Finnish replication. Look at the point estimates – all are <1, just like in the total population. OK, most of them are really, really trivial. Somewhat different for substance use. Maybe poverty does cause a small risk of this outcome (the rate is ~+1%/1000 Euros per year if I understand correctly), but you can’t even detect it reliably in a national population sample.
But the authors break these down by age at which family income is calculated and then even the trends disappear. I’m not sure how to interpret this. I also don’t understand how the confidence intervals are smaller for ages 10 and 15 than for the averages.
Currie & Tekin 2007 - Does Child Abuse Cause Crime?
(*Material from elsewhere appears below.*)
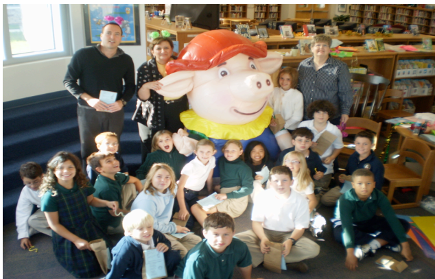
Students at Loudoun Country Day School Celebrate with Hamlet
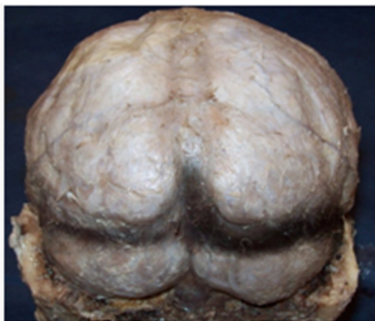
Figure 1 Cadaveric dissection. Posterior view of the head without the cranial vault showing dura mater in supra and infra tentorial floors and the origin of the lateral sinuses at the level of the confluence sinnum (Prensa de Herofilo).

Intra-cranial complications usually evolve in a continuous pattern, starting with meningeal irritation and suppurated collections and finally progressing to cerebritis and cerebral or cerebellar abscess. In evolved cases it's normal to find thrombosis of the sinus durae matris starting in the lateral sinus that can advance into the other sinus durae matris generate thrombosis of the internal jugular vein. 1

This is an economist paper with Add Health twin data. The exposure is self-reported abuse and the outcome is crime based on administrative data. The authors worry more about the math then the design and while they do “twin fixed effects” they only use the proper MZ fixed effects once. The results are below. While they explain a lot into this, the results are not that impressive, only armed robbery has a semi-believable <0.01 p-value in the MZ fixed model. But note that 1) all coefficients are positive and 2) not that different from ordinary twin fixed effects models.
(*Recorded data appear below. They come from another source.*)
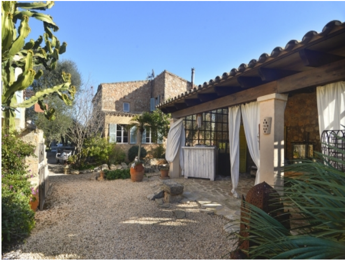
Covered terrace and dining area
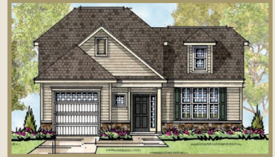
Traditional Style 2
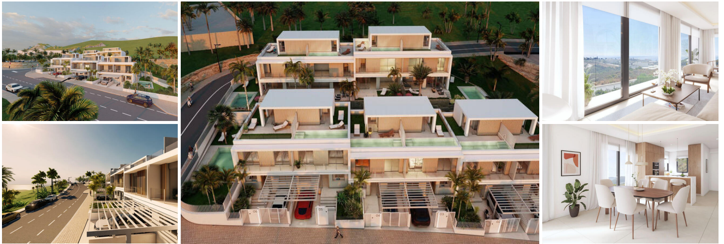
DEL MAR Townhouse - rooftop with private pool - Estepona

DEL MAR townhouse is situated in the western area of Estepona, a residential area that is in full expansion of luxury homes. Only 5 minutes drive from the centre of Estepona, 1,3 km to the beaches. It is right next to the new hospital of Estepona and the new golf course of Azata Golf. Close to restaurants, supermarkets, golf courses and amenities, and only 20 minutes drive from Puerto Banus, Marbella, and Sotogrande, 50 minutes from Malaga international airport and 40 minutes from Gibraltar airport.
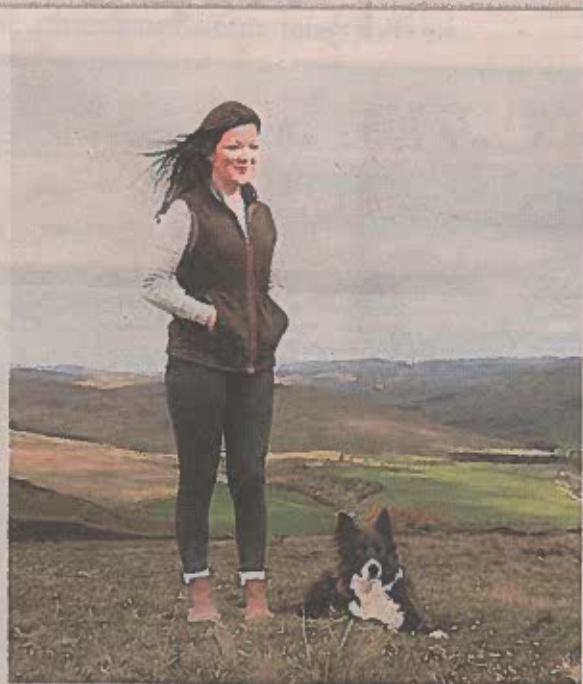
Values in Action

Retrospective self-report measures of abuse are notoriously unreliable so I’m not sure if we can conclude that “abuse causes criminality”. But I don’t see how we can dismiss these effects as totally negative. Maybe it’s just that people who committed crimes are more BPD/psychopathic regardless of genetics and more likely to complain about abuse, but there IS something here.
Two similar studies:
Dimwiddie 2000 - Early sexual abuse and lifetime psychopathology: A co-twin–control study
Nelson 2002 - Association Between Self-reported Childhood Sexual Abuse and Adverse Psychosocial Outcomes
All checked if co-twins who reported childhood sexual abuse (CSA) have worse mental health.
Dinwiddie:
Nelson:
Report rates are high, 6% of women and 2.5% of men in Dinwiddie and almost 16.7% of women and 5.4% of men. Because of the low rates of men, discordant pairs are rare. I don’t think these results should be taken at face value either (these abuse reports are not reliable) but there is definitely something here. All ORs are positive, even though the CIs are huge and neither effect is significant in Dinwiddie. People who report CSA also report other problems, and this is not just genetics! A telling example of what is going on, however, I think is the case of OR for rape in Nelson. You could come up with a causal explanation for other outcomes (“the trauma from CSA increases the risk of suicide/depression”) but why would being abused as a child increase your chance of being raped? Correlated biases in the reports are IMO a better explanation.
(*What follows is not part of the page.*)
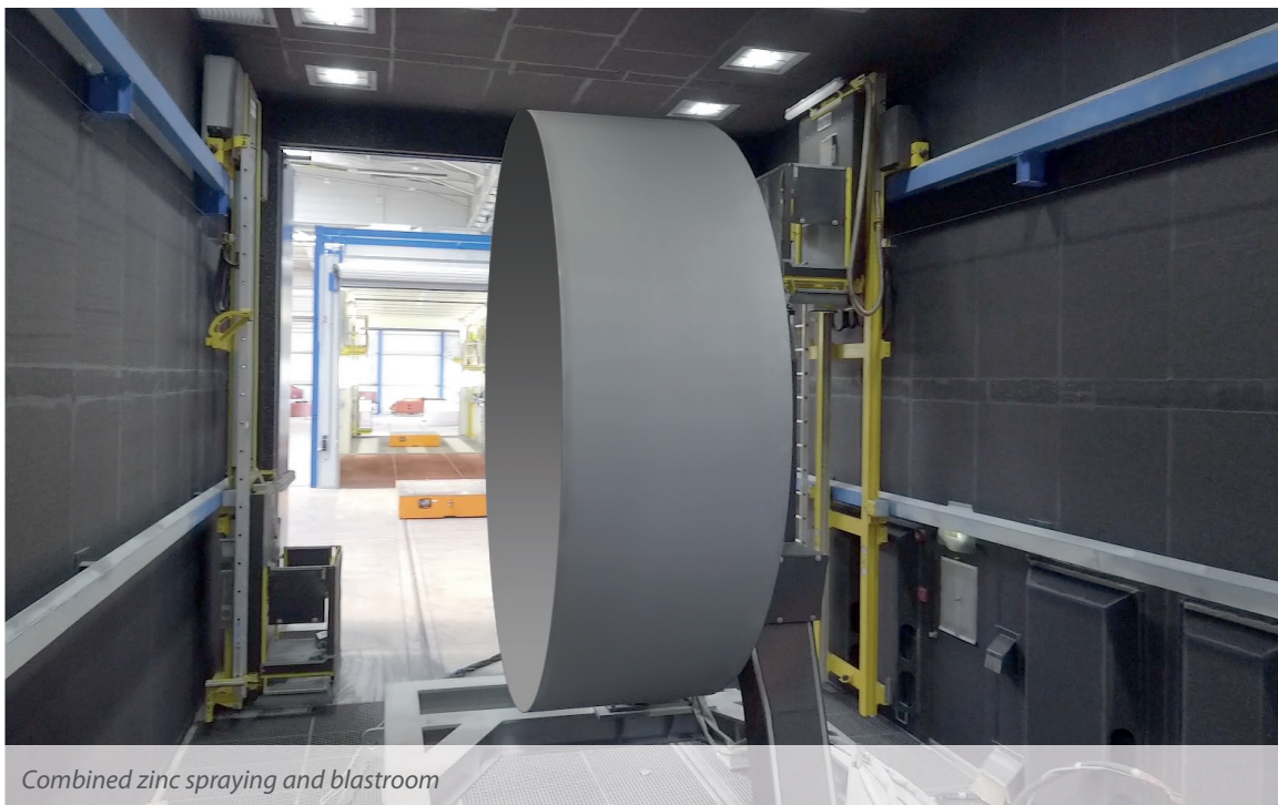
Combined zinc spraying and blastroom

Finally, an interesting paper on self-reports: Misheva 2016 – What Determines Emotional Well-Being? The Role of Adverse Experiences: Evidence Using Twin Data
There are quite many Australian twins in this sample. Self-reports of happiness are related to things similar in MZ comparisons than in the general sample. Being married and better educated, reporting good health improved but low income reduced happiness.
Population effects of traumatic events go away in MZ comparisons (but the effect sizes are mostly retained, this is mostly a power issue!) but a cool thing the authors do is that they separate recent traumas (<1 year) from older ones. That way, recent traumas seem to affect happiness reports even in MZs but older traumas don’t.
There are probably very real environmental effects on self-reports!